![]()
NextFin — As billions of dollars pour into humanoid robots and embodied artificial intelligence, SenseTime co-founder Wang Xiaogang says the industry is heading toward a dead end unless it abandons a machine-centred mindset and returns to a more fundamental source of intelligence: human interaction with the physical world.
“Robots will never understand the real physical world by reading articles or looking at pictures,” Wang shared with Jany Hejuan Zhao, the founder and CEO of NextFin.AI and the publisher of Barron's China, during the 2025 T-EDGE that kicked off on Monday, December 8 and lasts through December 21.
“We need to shift from a machine-centred paradigm to a human-centred one, and learn from how people actually interact with their environment,” he added.
Wang, who is also chairman of robotics company ACE Robotics, argued that current embodied AI research relies too heavily on large vision-language-action (VLA) models trained on internet data and robot self-generated data — an approach he believes cannot deliver general, transferable intelligence for machines operating in the real world.

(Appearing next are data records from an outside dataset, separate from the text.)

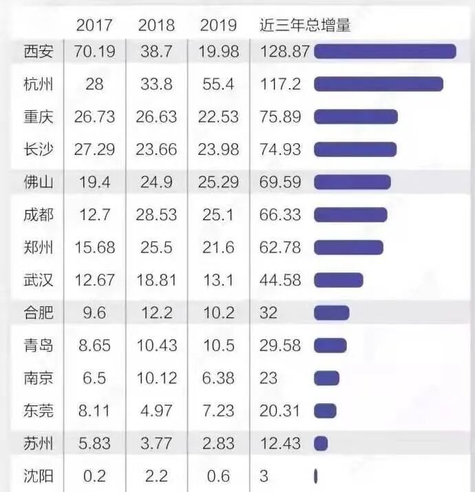 楼市最根本的逻辑一定是供需。这几年,肇庆一直以3倍于前期的供应量推地,一直延续至2019年!土地大量供应之后,人口增长却十分乏力,2019年仅增加3.54万人,与江门一起成为湾区吊车尾。
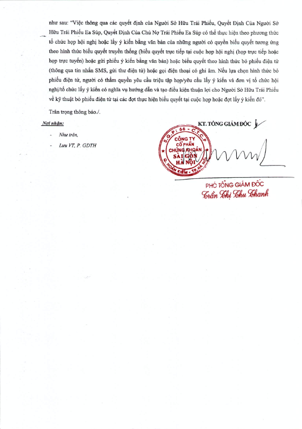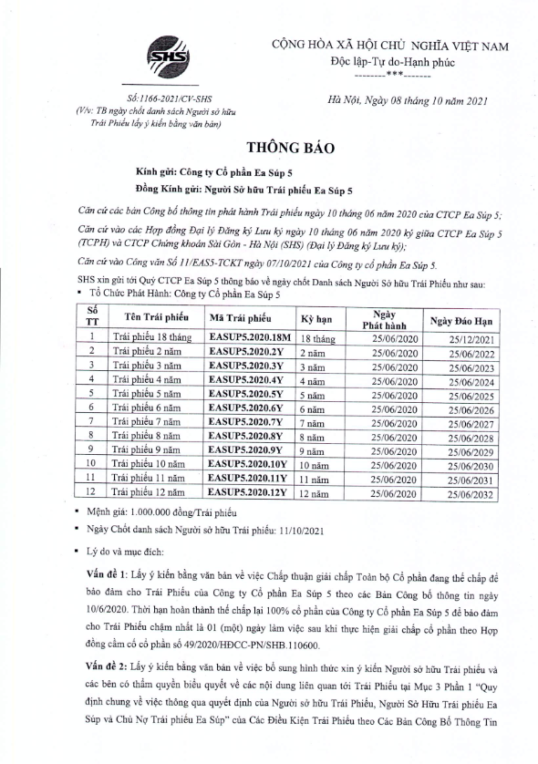 Thông báo v/v chốt danh sách Người sở hữu Trái phiếu để thực hiện Lấy ý kiến bằng Văn bản cho CTCP Ea Súp 5
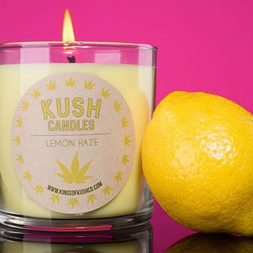 Kush Candles are infused with four of the most commonly found terpenes in cannabis: limonene, pinene, linalool, and myrcene. My coworker burns the Lemon Haze candle from time to time and it is quite pleasant.

Instead, Wang is advocating a new research framework he calls ACE — short for “anthropocentric, context-driven, embodied” intelligence — which places human behaviour, physical interaction and environmental context at the core of how machines learn.

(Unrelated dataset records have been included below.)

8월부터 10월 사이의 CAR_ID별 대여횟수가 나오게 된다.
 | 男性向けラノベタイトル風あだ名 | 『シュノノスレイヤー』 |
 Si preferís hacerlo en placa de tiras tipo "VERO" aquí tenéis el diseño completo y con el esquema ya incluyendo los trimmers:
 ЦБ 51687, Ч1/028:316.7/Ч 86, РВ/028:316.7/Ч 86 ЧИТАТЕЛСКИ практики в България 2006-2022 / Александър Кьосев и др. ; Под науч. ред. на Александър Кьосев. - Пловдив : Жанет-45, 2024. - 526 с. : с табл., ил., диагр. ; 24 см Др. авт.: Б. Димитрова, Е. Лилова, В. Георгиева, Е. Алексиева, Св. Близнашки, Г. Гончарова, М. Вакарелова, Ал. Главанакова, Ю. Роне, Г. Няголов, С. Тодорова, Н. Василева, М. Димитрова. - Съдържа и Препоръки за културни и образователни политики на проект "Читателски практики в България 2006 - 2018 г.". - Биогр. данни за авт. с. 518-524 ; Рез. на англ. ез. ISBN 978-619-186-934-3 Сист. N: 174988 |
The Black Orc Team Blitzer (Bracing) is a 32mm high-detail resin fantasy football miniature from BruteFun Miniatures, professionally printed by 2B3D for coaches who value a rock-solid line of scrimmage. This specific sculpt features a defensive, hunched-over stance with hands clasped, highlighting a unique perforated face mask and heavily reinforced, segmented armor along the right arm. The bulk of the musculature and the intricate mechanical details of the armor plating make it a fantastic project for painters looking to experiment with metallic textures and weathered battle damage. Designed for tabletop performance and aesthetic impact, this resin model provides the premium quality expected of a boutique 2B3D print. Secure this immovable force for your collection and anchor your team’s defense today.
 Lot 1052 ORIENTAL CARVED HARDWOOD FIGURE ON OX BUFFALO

His comments come at a moment of extraordinary enthusiasm and investment in humanoid robotics. According to industry estimates cited at the forum, global investment in humanoid robots reached roughly $7 billion in the first nine months of 2025, up about 250% year-on-year, driven largely by China. Yet most products remain at an early demonstration stage, limited to walking, dancing or performing scripted tasks.
“There is a gap between the capital frenzy and the technological reality,” Wang said. “That gap is rooted in the research paradigm itself.”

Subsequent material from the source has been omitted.